We may want to remind ourselves that our thoughts are just words and opinions and that our beliefs are just that – beliefs, not facts. They are nothing more than the noise of our endlessly chattering minds. You can access the complete worksheets from Harris’ The Happiness Trapp.
The history, theory, and practice of value- and meaning-based interventions are explained in Hugo Albers’ hugely inspiring Meaning and Valued Living Masterclass. Various exercises in the PositivePsychology.com Toolkit encourage us to hone value-based living and seeking meaning that is located outside the self.
The Self-Eulogy exercise, for example, helps us to clarify our values and how we can use them as guides that shape our behaviors and decisions. Knowing our values helps us to live more fulfilling and more prosperous lives.
Imagining our own funeral service and what we would like people to say about us can be a powerfully clarifying exercise. It also demonstrates how much we are already living in accordance with our values, or which steps we might have to take to live more fully in line with them.
The Top 5 Values Worksheet helps us to choose directions in our lives that are in line with our core values. It is designed to increase awareness of our values and helps us reflect on the importance of these values and their meanings. It includes an extensive list of values and asks us to identify five, to rank them, and to specify their significance and importance in our lives.
Finally, the Values Diagram seeks to create awareness of a possible gap between our behavior and our values. It uses visual tools to illustrate this discrepancy and is a very effective intervention that steers us to more value-driven behavior.
It asks us to divide a circle into slices that represent the time we spend on different elements and areas of our lives. In a second step, we are invited to create a circle that is sliced up in an ideal way – showing how and with whom we would actually like to spend our time.
A Take-Home Message
Nothing, then, seems more urgent than working on our core beliefs if they prevent us from thriving in our lives. They are the root cause of most of our psychological problems, determining our self-image, our cognitions, our beliefs about the world and others, and our personal rules. They make us see everything through a glass darkly. They also generate and shape our automatic negative thoughts.
To transform our core beliefs, we can try cognitive restructuring methods to train our minds to embrace more productive attitudes. We can venture into our pasts to unearth their origins and use patterns in our experiences and our interpretations as guides for uncovering their all-pervasive influence.
We can also try to manage them by using second-wave positive psychology approaches, such as ACT-based interventions. These seek to shift our focus away from problematic cognitions to value, meaning, and positive action-taking. Rather than trying to correct negative core beliefs, they ask us to accept them and to be mindful of the fact that they are, as their name suggests, mere opinions.

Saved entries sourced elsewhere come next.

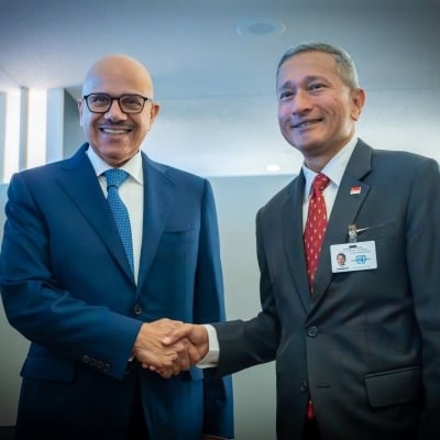 التقى الدكتور عبداللطيف بن راشد الزياني وزير الخارجية، في مقر الأمم المتحدة اليوم، مع الدكتور فيفيان بالاكريشنان، وزير خارجية جمهورية سنغافورة، وذلك على هامش أعمال الدورة الثمانين للجمعية العامة للأمم المتحدة.
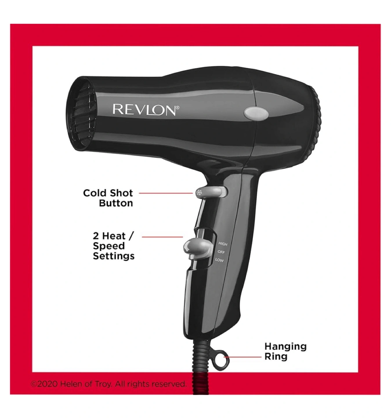 Black hair dryer with two heat/speed settings and a cold shot button. Includes a hanging ring.
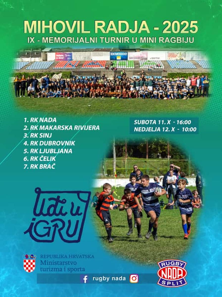 Ovog vikenda igralište na Starom Placu ponovno će biti ispunjeno dječjim smijehom, sportskim nadmetanjem i jajolikom loptom. Održava se 9. Memorijalni turnir mini ragbija "Mihovil Radja", u čast bivšeg igrača, trenera i predsjednika Ragbi kluba Nada – čovjeka koji je ostavio neizbrisiv trag u splitskom i hrvatskom ragbiju.
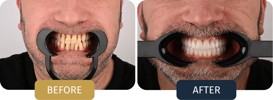 Several teeth required additional stabilisation due to previous decay and structural weakness, including one tooth that required root canal treatment followed by fibre post and core reinforcement.
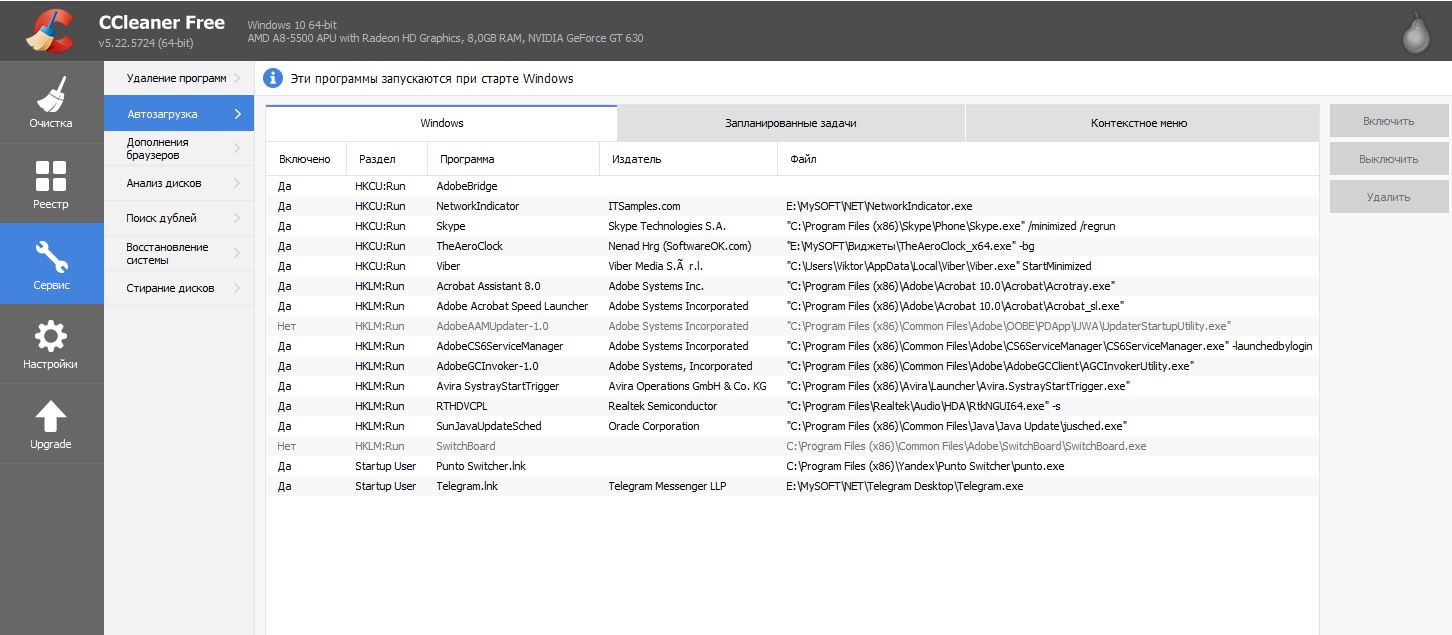Сиклинером можно быстро проверить автозагрузку и запланированные задачи
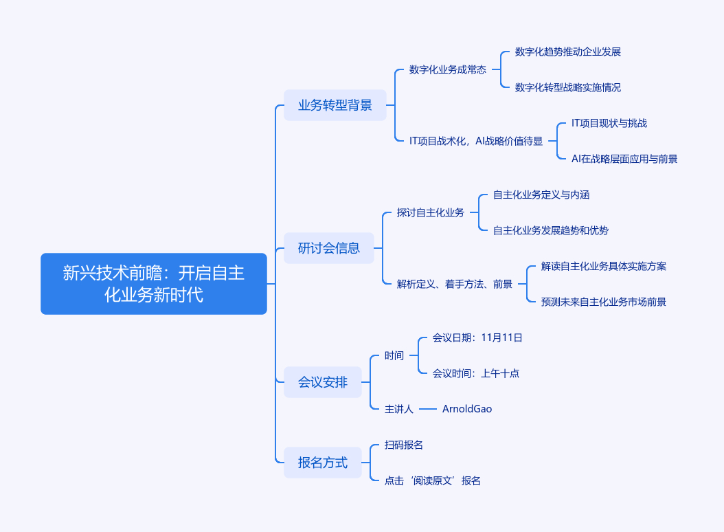 首席信息官及高管推动企业数字化转型多年,数字化业务成常态,需新方向。很多IT项目战术化,跟风部署人工智能生产力有提升但战略价值未显。Gartner将举办免费研讨会探讨自主化业务,分析其模式与挑战,助首席信息官和业务领导者把握机遇推动企业成长。会议将解析自主化业务定义、着手方法及未来前景,时间为11月11日上午十点,主讲人是研究副总裁Arnold Gao,提供二维码和点击‘阅读原文’两种报名方式。
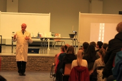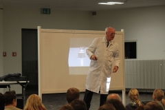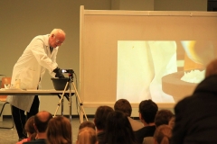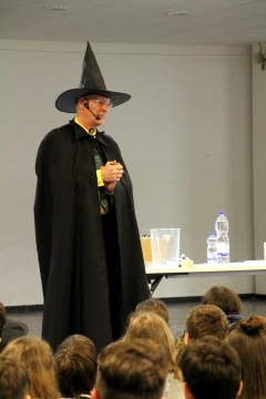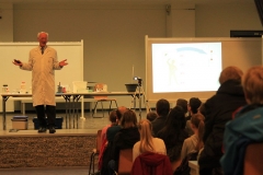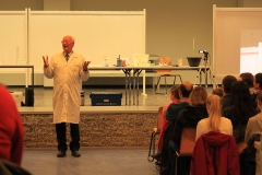 Naturwissenschaften sind trockener Stoff, richtig? Falsch! Mit den naturwissenschaftlichen Vorträgen von Dr. Heywang werden Chemie und Physik plötzlich spannend und machen neugierig. Ausgesprochen humorvoll bringt der pensionierte Chemiker aus Bergisch-Gladbach den Schülerinnen und Schülern physikalische und chemische Zusammenhänge näher. Meist stehen dabei viele ganz gewöhnliche Dinge, die uns täglich umgeben, im Mittelpunkt der Präsentationen. Dabei ist Gelächter und Staunen selbstverständlich, wenn Dr. Heywang mit witzigen Anekdoten und augenzwinkernden Anspielungen dennoch handfestes Wissen vermittelt.
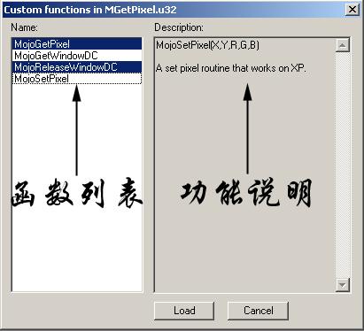 和dll一樣,使用u32里的函數也必須事先導入,方法和dll大同小異:執行菜單命令【window】|【functions】或快捷鍵ctrl+shift+f調出函數列表對話框,在【category】域中選擇當前的文件分類,此時對話框左下的按鈕【load…】變為可用;單擊【load…】按鈕瀏覽選擇相應的u32文件,此時會彈出一個該u32全部函數列表的對話框,選擇一個或多個函數導入即可,如圖6所示。導入后的u32函數就可以和系統函數一樣隨心所欲地使用了。當然程序打包的時候切記附帶發行相關的u32函數庫。
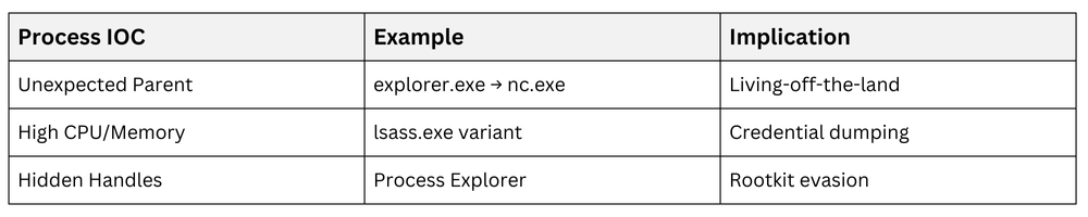 Parent-child mismatches (svchost.exe spawning cmd.exe) suggest injection. Orphaned processes (no parent) or high-privilege unexpected binaries indicate escalation. Services with recent creation dates (sc query) often serve C2.
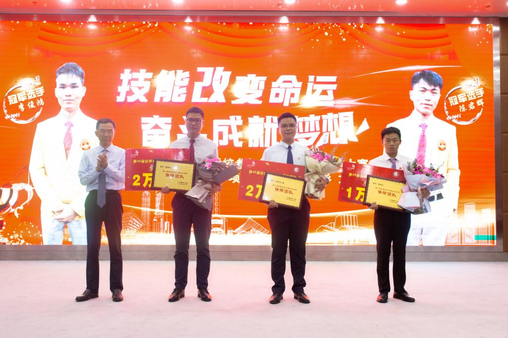 会上,学校党总支书记、副校长林勇刚宣读表彰文件《关于表彰参加第45届世界技能大赛做出突出贡献的集体及个人的决定》。公司领导、学校领导依次对第45届世界技能大赛混凝土建筑项目冠军陈君辉、李俊鸿,教练李修波以及对本次比赛做出突出贡献的集体及个人进行颁奖。
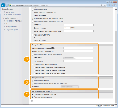 2 | Настройте параметры DNS IPv6. Необходимо установить флажок [Использовать IPv6], чтобы выполнить настройку параметров. Настройка адресов IPv6 ![]() [Настройки DNS][Адрес первичного сервера DNS] Введите IP-адрес сервера DNS. Невозможно ввести адрес, начинающийся с символов "ff" (или адрес многоадресной рассылки), адрес "0000::0000" (все нули), а также адрес, начинающийся с "0:0:0:0:0:ffff" или "0:0:0:0:0:0". [Адрес вторичного сервера DNS] Введите IP-адрес альтернативного сервера DNS (при наличии). Невозможно ввести адрес, начинающийся с символов "ff" (или адрес многоадресной рассылки), адрес "0000::0000" (все нули), а также адрес, начинающийся с "0:0:0:0:0:ffff" или "0:0:0:0:0:0". [Использовать IPv4-имена хоста/домена] Установите этот флажок для использования того же имени узла и доменного имени, что и в IPv4. [Имя хоста] Введите имя узла аппарата (цифры и буквы), которое будет зарегистрировано для DNS-сервера. [Имя домена] Введите имя домена (буквы и цифры), к которому принадлежит устройство (например, "example.com"). [Динамическое обновление DNS] Установите флажок для динамического обновления записей DNS при каждом изменении IP-адреса аппарата. Чтобы задать типы адресов, которые необходимо зарегистрировать для DNS-сервера, установите этот флажок для [Регистрация адреса, вводимого вручную], [Регистрация адреса с учетом состояния] или [Регистрация адреса без учета состояния]. [Настройки mDNS][Использовать mDNS] Используемый Bonjour, протокол mDNS (многоадресный DNS) представляет собой протокол, связывающий имя узла с IP-адресом без использования DNS. Чтобы включить mDNS, установите этот флажок. Этот флажок можно установить только в том случае, если установлен флажок [Использовать IPv6]. [Использовать то же имя mDNS, что и для IPv4] Установите этот флажок для использования того же имени mDNS, что и заданное в IPv4. Чтобы задать другое имя, снимите флажок и введите имя mDNS в текстовом поле [Имя mDNS]. [Настройки варианта DHCP][Получение адреса сервера DNS] Установите этот флажок, чтобы включить параметр 23 для получения адреса DNS-сервера от сервера DHCP. [Получение имени домена] Установите этот флажок, чтобы включить параметр 24 для получения имени домена от сервера DHCP. |
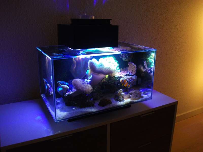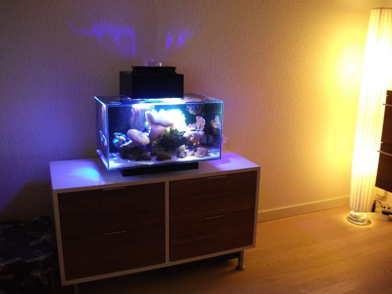Saltvandshobbyen kan jeg ikke prale af at have mange års erfaringer med, men det hele startede med et par kollegaer, som mente, at et ”design” akvarie indeholdende salt var vejen frem, og dette blev godkendt på hjemmefronten – det skulle selvfølgelig bare se ordentlig ud, være lydløst, billigt i anskaffelse og kræve minimal vedligeholdelse. Som en god overtaler/sælger, så gik den jo rent hjem
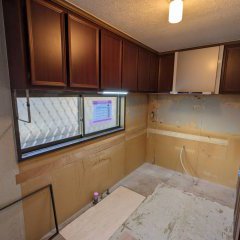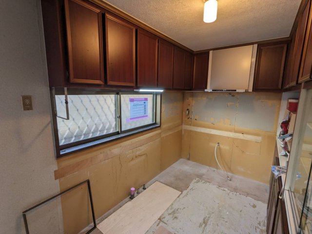 既存もキッチンパネルでしたが、出始めのキッチンパネルだったこともあり、なかなか外れないし…少し手間がかかった現場でした。

Like fake news, however, harmful core-beliefs are very difficult to control and eradicate and have the power to cause much long-term damage. Whether we may wish to activate a constant inner fact-checker, tasked with assessing the integrity of our cognitions, or instead decide to acknowledge but then to let them go, depends on our therapeutic preferences.
The former approach takes the content of our own core beliefs seriously and tries to provide rational counter-arguments to disempower them. The latter does not grace their exact content with too much attention. The hope is that by recognizing and labeling our unhelpful core beliefs as the ‘fake news’ of our psyches, they will lose most of their power and influence.